Monday 18 August 2014

UK industrial and manufacturing production figures drop off in July

GBP – Sterling had a fairly mixed week as data again failed to show signs of consistency. PMI data, which remains the key gauge of sectors in an economy, improved on the previous month and above the level that the market was forecasting. This resulted in sterling strengthening significantly across the board, notably against the US dollar and the euro. This was fairly short-lived however as manufacturing and industrial production figures fell below the forecasted level and sterling confidence eased off as a result. UK trade deficit also widened further as sterling appreciation weighed in on exports. The all important rates decision failed to deliver anything out of the ordinary as the BoE Kept rates unchanged as expected. This week sees the release of employment data as well as the second Q2 GDP estimate out of the UK. With both employment and growth remaining key components of the BoE’s forward guidance, it is expect that we will see some added volatility through to the end of the week.
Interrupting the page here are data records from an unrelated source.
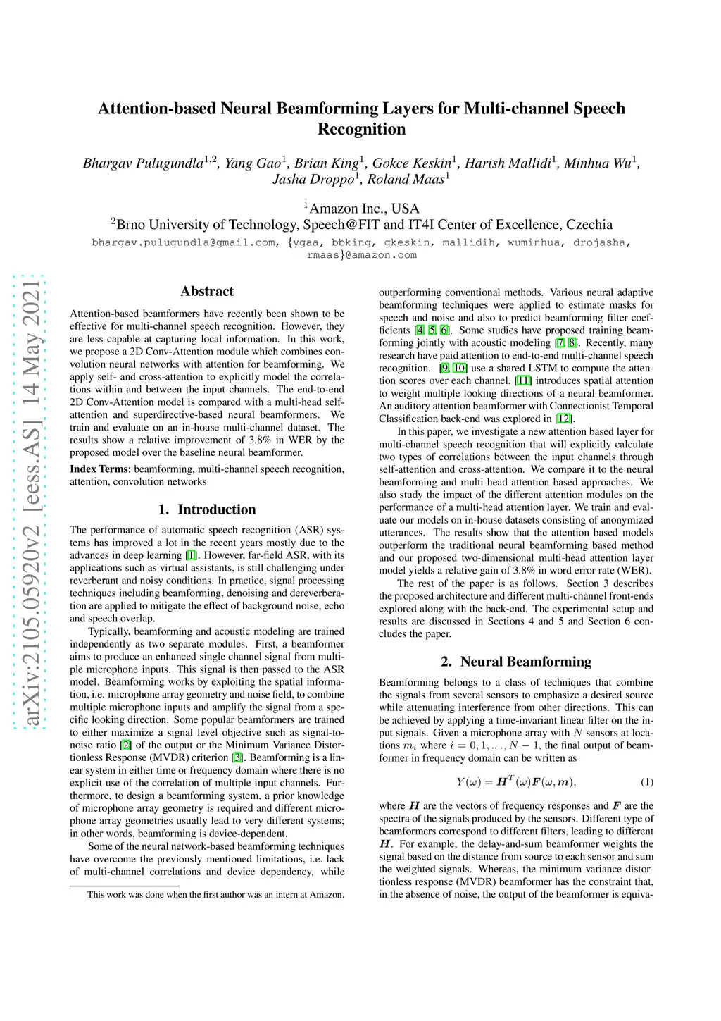 Attention-based Neural Beamforming Layers for Multi-channel Speech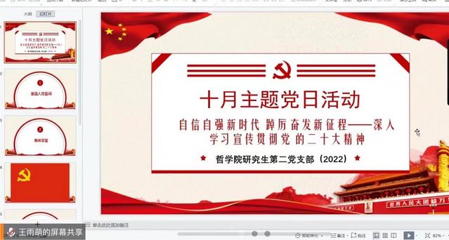 (通讯员 李文惠 李雪珂)10月28日晚上,哲学院研究生第二党支部依托腾讯会议平台开展线上主题党日活动。本次活动的主题为“自信自强新时代 踔厉奋发新征程——深入学习宣传贯彻党 的二十大精神”,由支部副书记王雨萌主持,支部全体党员参加。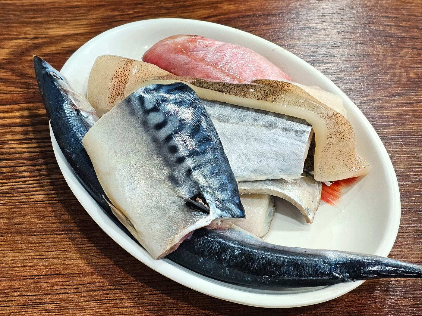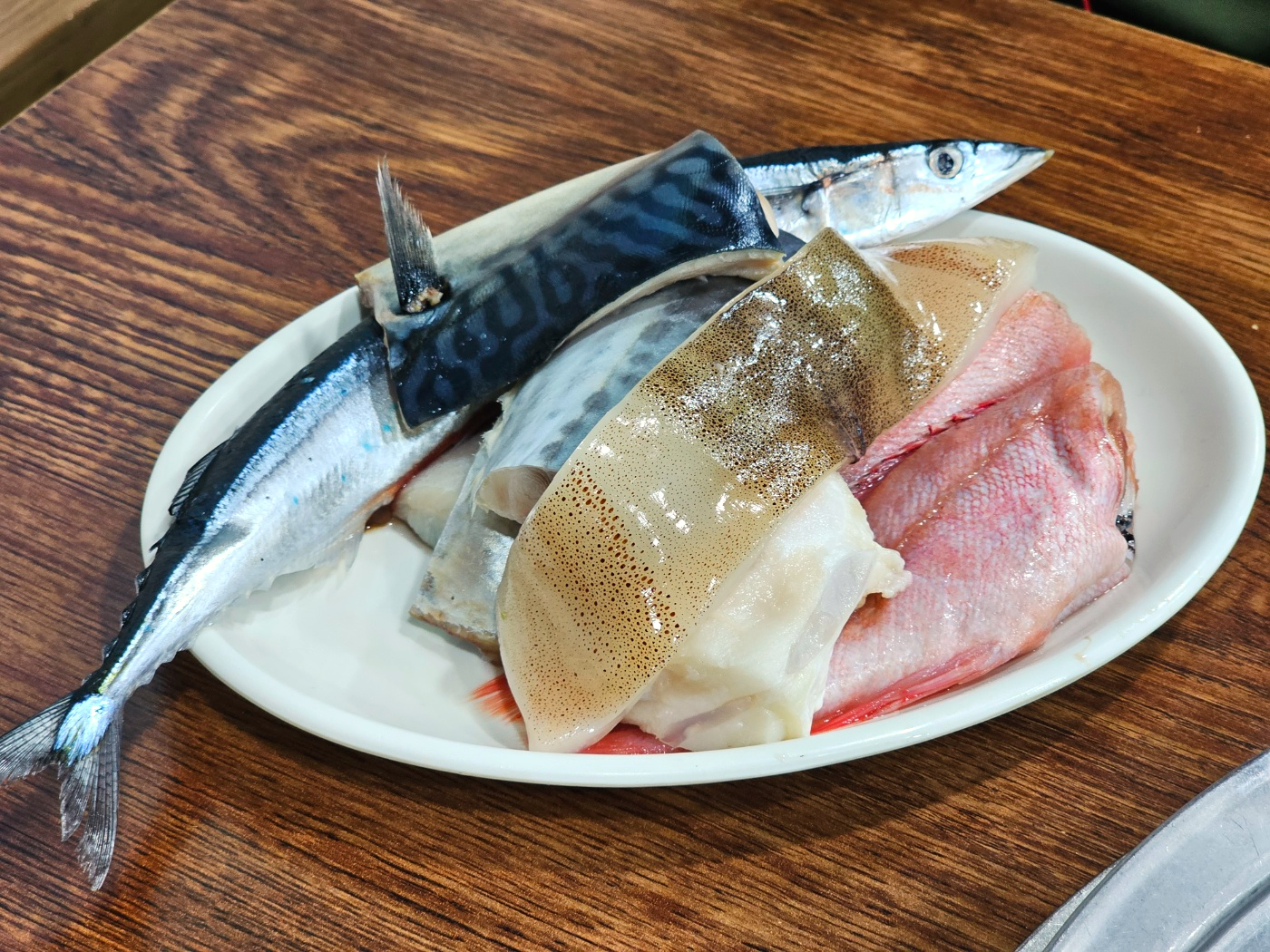 모듬구이 생선은 꽁치, 고등어, 삼치, 메로, 황열갱이, 오징어, 청어, 가자미로 구성되어 있습니다.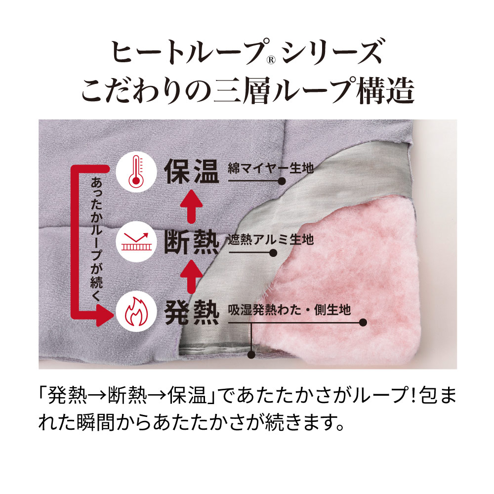 肌にふれるものはナチュラル志向、でも暖かく眠りたい!という方へ。ディノスの大人気冬寝具ヒートループ(R)のあったか効果はそのままに、側地をパイル部綿100%のマイヤー生地で仕立てました。天然素材のやさしい風合いと暖かさを両取りできるヒートループ(R)で、しあわせな冬の眠りを。コットン派のために生まれたヒートループ(R)のぬくぬく毛布肌にふれるものはナチュラル志向、でも暖かく眠りたいという方のために生まれたナチュラルプラスシリーズ。ヒートループ(R)の暖かさと、天然素材のやさしい風合いに包まれるぬくぬく毛布です。中身はヒートループ(R)、表面は綿のやさしい肌ざわり中身はヒートループ(R)ハイパーと同じ機能性で、肌に触れる面を綿100%のなめらかな起毛素材にしたことで、お布団に入った瞬間のヒヤッと感を抑えます。綿ならではのやわらかく心地よい肌ざわりで、冬の寝はじめも優しいぬくもりを感じられます。天然素材で暖かく合繊は暑すぎたりムレたりしそうで苦手。冬でも天然素材で暖かく眠りたい!という方へ。綿100%のやさしい肌ざわりとほどよいぬくもりに包まれます。暖かさのヒミツ「発熱→断熱→保温」のヒートループ(R)構造「あたたかさの源」となる「発熱わた」「アルミシート」「発熱生地」などあらゆる素材を組み合わせ、驚きのあたたかさと気持ちよさを実現。「発熱」「断熱」「保温」3つの効果が繰り返されることで、朝まであたたかく寝られます。【発熱】ミリオンホット(R)DXわたによる驚きの発熱パワー「ミリオンホット(R)DXわた」は湿気を吸って発熱するので、暖かいだけでなく布団の中がムレにくく。さらに驚きの発熱パワーにより、布団に入ってすぐポカポカに。【断熱】暖かさを閉じ込める、やわらか遮熱アルミ生地毛布上側とパッド下側に遮熱効果のある遮熱アルミ生地を使用し、厳しい冷え込みや床からの冷気をブロック。やわらかなアルミシートを採用することで肌沿いも◎。洗濯機で洗えて清潔布団をご家庭で洗濯する際は必ずお手持ちの洗濯機の説明書をご覧ください。メーカー・機種・容量により布団の洗濯ができない場合はクリーニング店、大型洗濯機のあるコインランドリー等での洗濯をおすすめします。

Growth has remained in line with forecasts and we therefore expect to see sizeable price action if the figure comes in either side of the level that the market is currently anticipating.

USD – The US dollar continued showing signs of strength despite the lack of any data releases out of the US this week. Non-manufacturing PMI increased on the previous month and offered some firm support for the US dollar upside and factory orders also showed signs of improvement. US trade deficit narrowed in June from a revised figure in May, beating market forecasts. The improvement in the nominal balance was mainly down to a 1.2% drop in imports and a marginal increase in exports. Sustained growth at an above potential pace is expected to result in the Federal Reserve fully winding down its asset purchases by October, although the first increase in the base rate is still unlikely until 2015. Data has showed signs of consistency over the past month and this is likely to fuel speculation that the US central bank could act sooner rather than later, but we don’t expect this to be the case. With little data out of the US until the end of the week, we expect to see the US dollar remain vulnerable to further shifts in momentum. PPI data at the end of the week should offer some additional support, with inflation remaining a key component of the Federal Reserve’s forward guidance, but it is difficult to know to what extent.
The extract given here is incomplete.